Granted, Friday Night Lights is not transcendent television (although it’s awfully close), but it does reflect a certain, increasingly rare and even possibly cliche’d (in a good way) American sensibility of values and community. And though it never really caught on in the mainstream, the show probably relates to a wider range of viewers than anything else I’ve seen. I don’t have hard proof of this of course, but everyone I’ve ever talked to who’s watched, young or old, has latched on to something within the story’s walls. The sad irony is that just too few folks ever gave it the chance.

But I also suspect the miniscule viewing audience also allowed the show’s writers to take chances beyond the normal scope of television. Namely, they kept the town moving along without having to come up with new story arcs for the same old characters. The hardcore viewing audience (because that’s pretty much all that watches) were there to stay, so the writers simply worked to make the show reflect actual life. No easy feat, and probably something that won’t soon be replicated. Television is much too fickle, fast-moving, and quick to judge. Long story short: Friday Night Lights is in a world (or town, rather) of its own. I doubt anyone else will try to replicate it. After all, it wasn’t too terribly successful.

And so that leaves us rushing downfield towards the endzone and into the locker room once and for all (only two sports analogies used, not bad). I suspect the writers have discussed the idea of closure and what it means for this television show. How will Friday Night Lights end? I suspect much like it started. With expectations on Coach Taylor. With Tammy standing faithfully by his side. With a group of high schoolers seeking something tangible in their lives. And with the town of Dillon waking up for another day of living, breathing and thinking about football. It’s not sexy. There won’t be a cliffhanger.
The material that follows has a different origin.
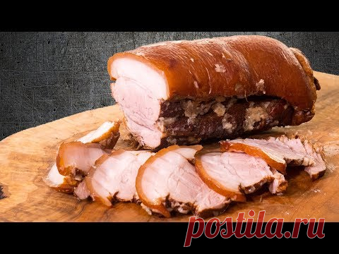 Такой рулет можно приготовить менее, чем за 2 часа, но тогда он получится рыхлым. Обязательно дайте ему полностью остыть в полученном рассоле и только тогда сливайте бульон и дайте подсохнуть. Грудинку нужно предварительно подготовить - срезать шку...
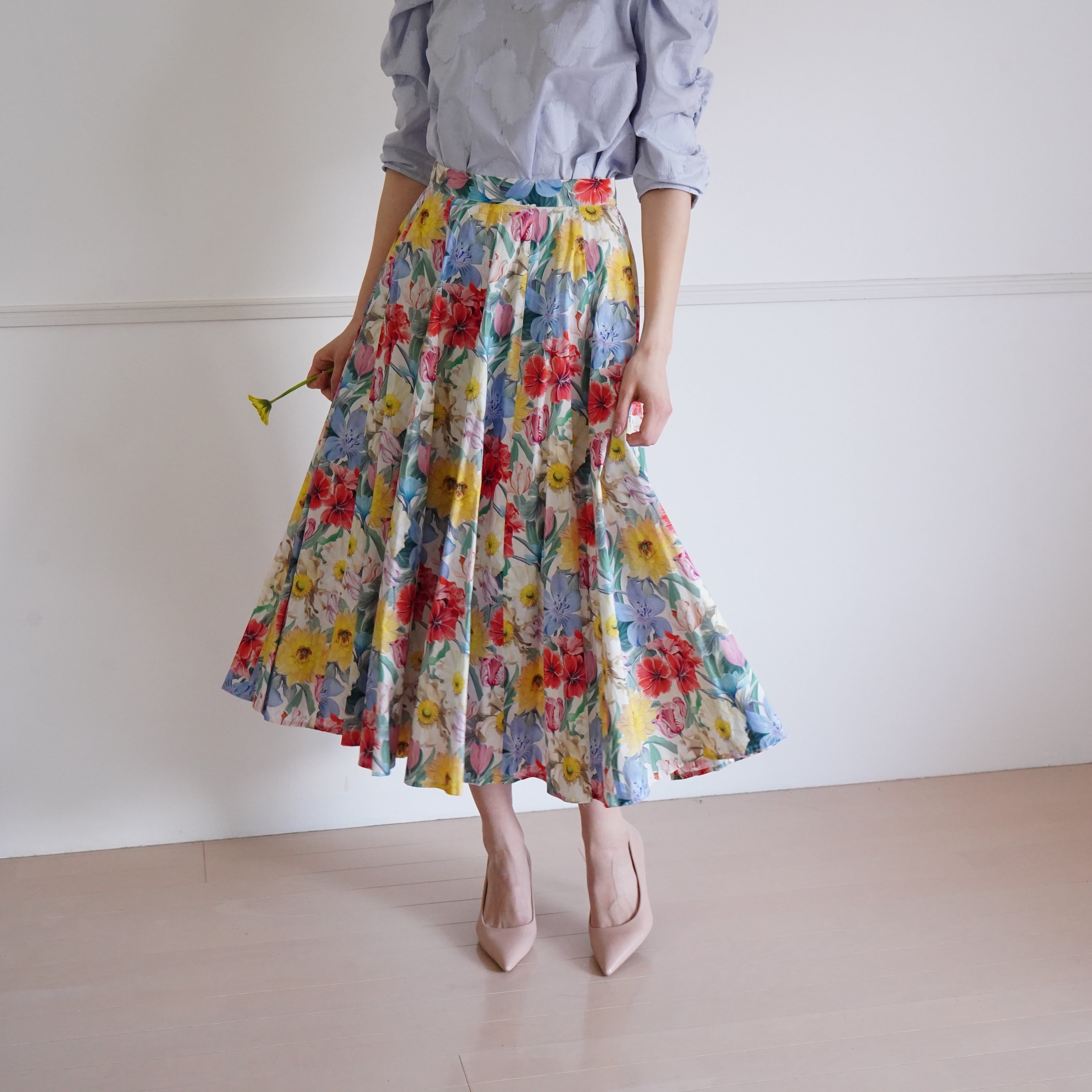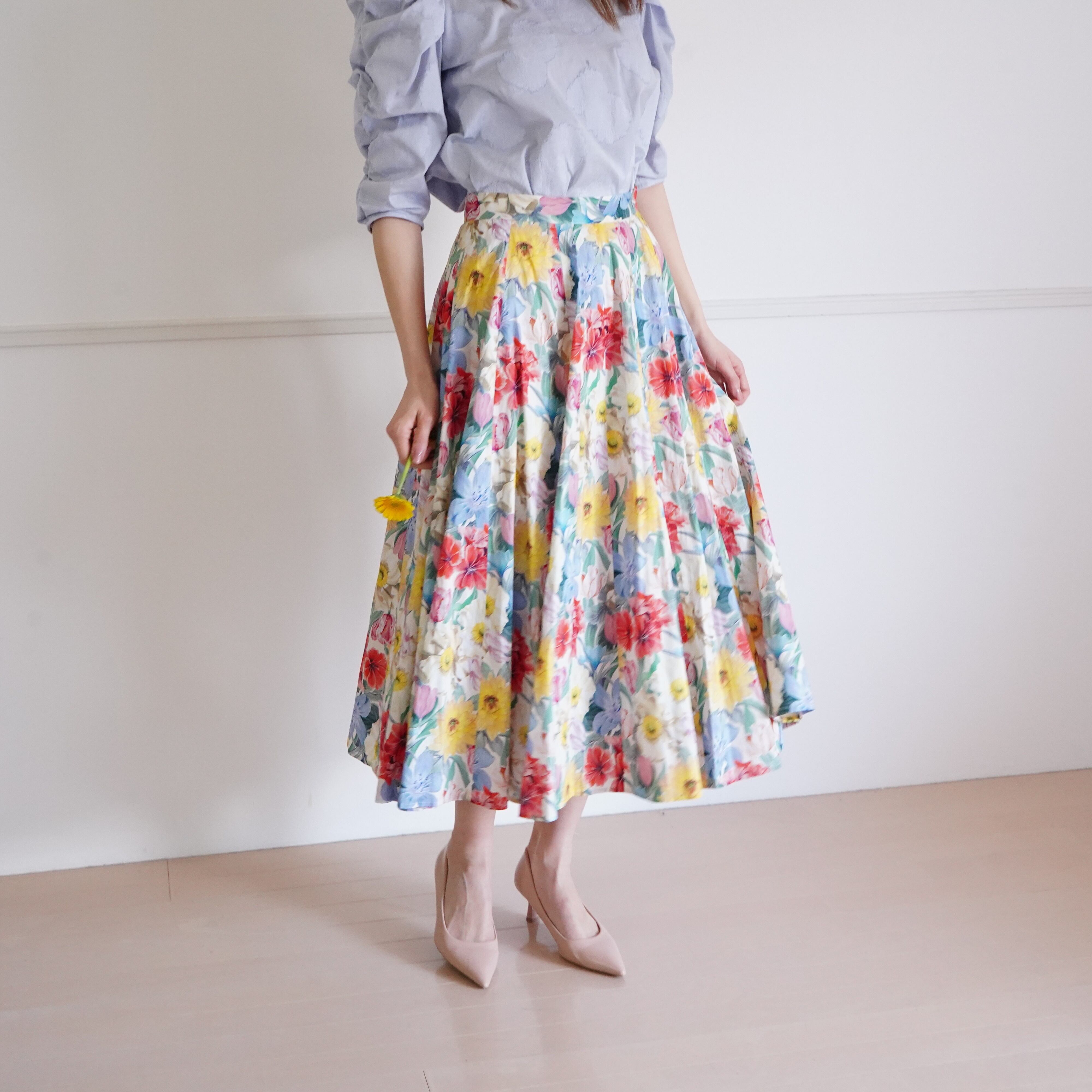 大きな花柄がとても華やかなスカートです。

Instead, think about Friday Night Lights less like a television show and more like a town you’re leaving. Just because you left, does the town cease to be? Of course, this is a television show we’re talking about, but really its something more. We’ll remember the good times, the familiar faces, the heartache, the neighborhood, the Riggins boys causing trouble, the day Matty Saracen’s father passed, what Jason Street could have been, that one Crucifictorious show, the state championship, when the high schools split, the tornado, the pep rallies and the “For Sale” signs on Coach Taylor’s lawn. Because Friday Night Lights isn’t really ending. We’re just moving out of Dillon. Bittersweet indeed.